INPUT DATA: Begin
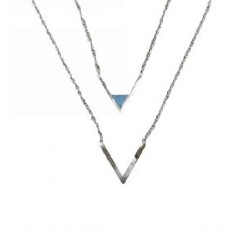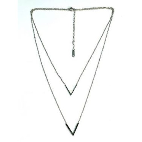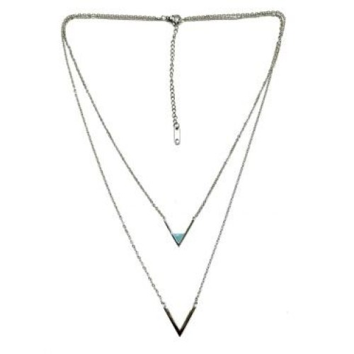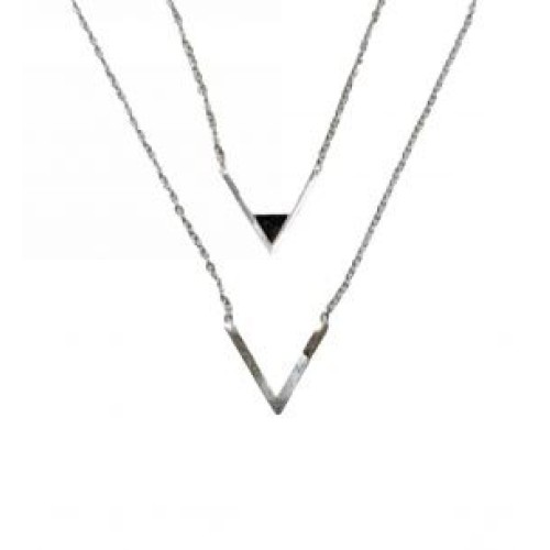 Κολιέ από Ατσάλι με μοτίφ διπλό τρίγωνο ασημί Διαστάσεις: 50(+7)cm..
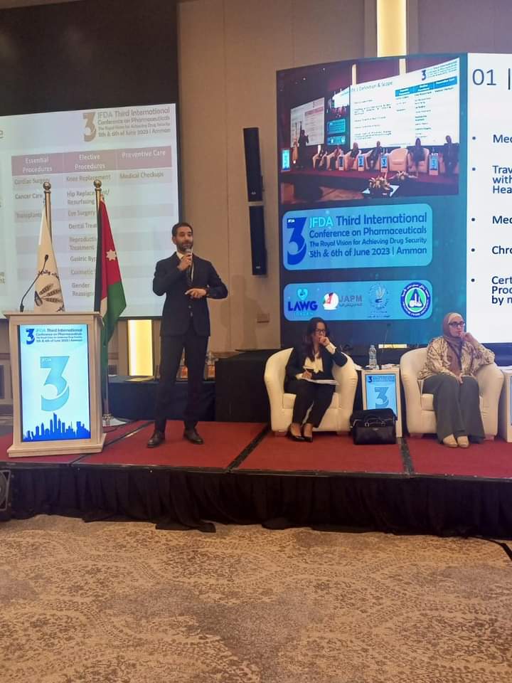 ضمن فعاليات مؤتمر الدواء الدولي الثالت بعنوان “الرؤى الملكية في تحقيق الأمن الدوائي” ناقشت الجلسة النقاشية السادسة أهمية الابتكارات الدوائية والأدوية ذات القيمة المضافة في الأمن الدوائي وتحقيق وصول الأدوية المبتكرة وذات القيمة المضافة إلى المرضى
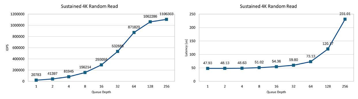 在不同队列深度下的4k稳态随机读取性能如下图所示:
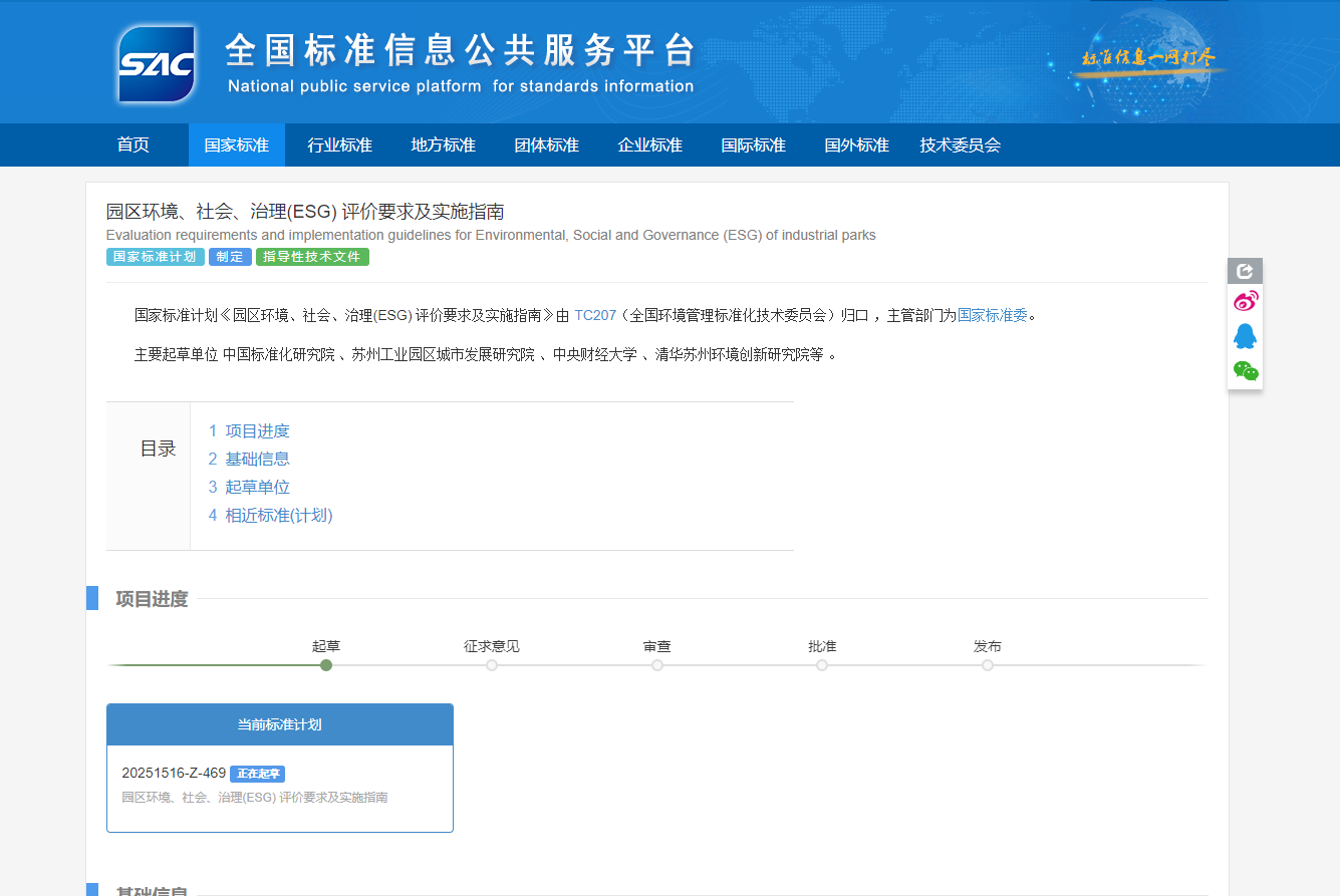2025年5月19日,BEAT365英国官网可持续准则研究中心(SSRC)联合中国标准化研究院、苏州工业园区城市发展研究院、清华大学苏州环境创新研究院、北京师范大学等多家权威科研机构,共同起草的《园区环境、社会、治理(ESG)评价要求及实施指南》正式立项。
INPUT DATA: End
DIRECTIONS FOR THIS TASK =
With the pictures left out, write out all of the data exactly.

ANSWER BELOW =
 Κολιέ από Ατσάλι με μοτίφ διπλό τρίγωνο ασημί Διαστάσεις: 50(+7)cm..
 ضمن فعاليات مؤتمر الدواء الدولي الثالت بعنوان “الرؤى الملكية في تحقيق الأمن الدوائي” ناقشت الجلسة النقاشية السادسة أهمية الابتكارات الدوائية والأدوية ذات القيمة المضافة في الأمن الدوائي وتحقيق وصول الأدوية المبتكرة وذات القيمة المضافة إلى المرضى
 在不同队列深度下的4k稳态随机读取性能如下图所示:
2025年5月19日,BEAT365英国官网可持续准则研究中心(SSRC)联合中国标准化研究院、苏州工业园区城市发展研究院、清华大学苏州环境创新研究院、北京师范大学等多家权威科研机构,共同起草的《园区环境、社会、治理(ESG)评价要求及实施指南》正式立项。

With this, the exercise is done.